# Help getting started



## chloe (May 2, 2013)

My 8 year old wants to start raising hens and selling the eggs. Where do we start?


----------



## ellis36 (Mar 25, 2013)

(1)Determine if you live in an area that permits such.
(2)Decide if they will be free-range or caged.
(3)Build whatever structures required before getting the chicks.
(4) And, IMO, most of all, realize raising chickens and selling eggs will give a child an immeasurable experience but most likely will not turn a monetary profit.
(A little like a lemonade stand without the ability to easily quit if sales are not forthcoming.)


----------



## GenFoe (Apr 3, 2013)

I read everything I could get my hands on for over a month before we got our chicks. 

Look up chicken blogs, start a Pinterest board if chicken stuff and look through this forum. A wealth of knowledge only helps you in the long run! Good luck!


----------



## CircleT (May 4, 2013)

Others may disagree with me, but i would suggest starting with white leghorns if you are looking for egg producers. They are a smaller chicken so they seem to eat less than the other heavy egg layers do so they will be a littler cheaper for her to raise.


----------



## mjs500doo (May 6, 2013)

chloe said:


> My 8 year old wants to start raising hens and selling the eggs. Where do we start?

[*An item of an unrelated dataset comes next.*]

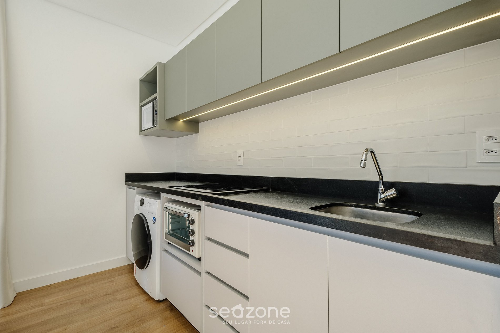 - Cozinha completa com geladeira, fogão cooktop (indução), forno elétrico, micro-ondas, sanduicheira, cafeteira elétrica, chaleira elétrica, liquidificador, taças de vinho, panelas, louças e utensílios;

Honestly are you looking into a project for her? Like 4H where she can become very involved with the whole aspect? If so, I would let her look into some breeds. Let her pick her own. Make sure to talk about that eggs are important, so you need a heavy producer, and if you go further, quality is important. Incubating a batch of chicks is an irreplaceable experience as well.


----------



## chickenlady84 (Mar 20, 2013)

Definetly decide on a breed. 4-H chickens are a good start. If you are selling be sure to Advertise good. Read Lots of Articles and Info. I wish we had read more before getting started. GOOD LUCK! my kids love the chickens especially the chicks.


----------



## Apyl (Jun 20, 2012)

I agre with the first responce. Research everyting! From wether you need permits to the breed you want. To help your 8yo be more invovled I suggest joining 4-H . They have great resorces and promote learning by doing. Also you local county extenstion office can answer alot of your quesitons in regards to locality and chickens. Also check to see about fees and permits for selling.


----------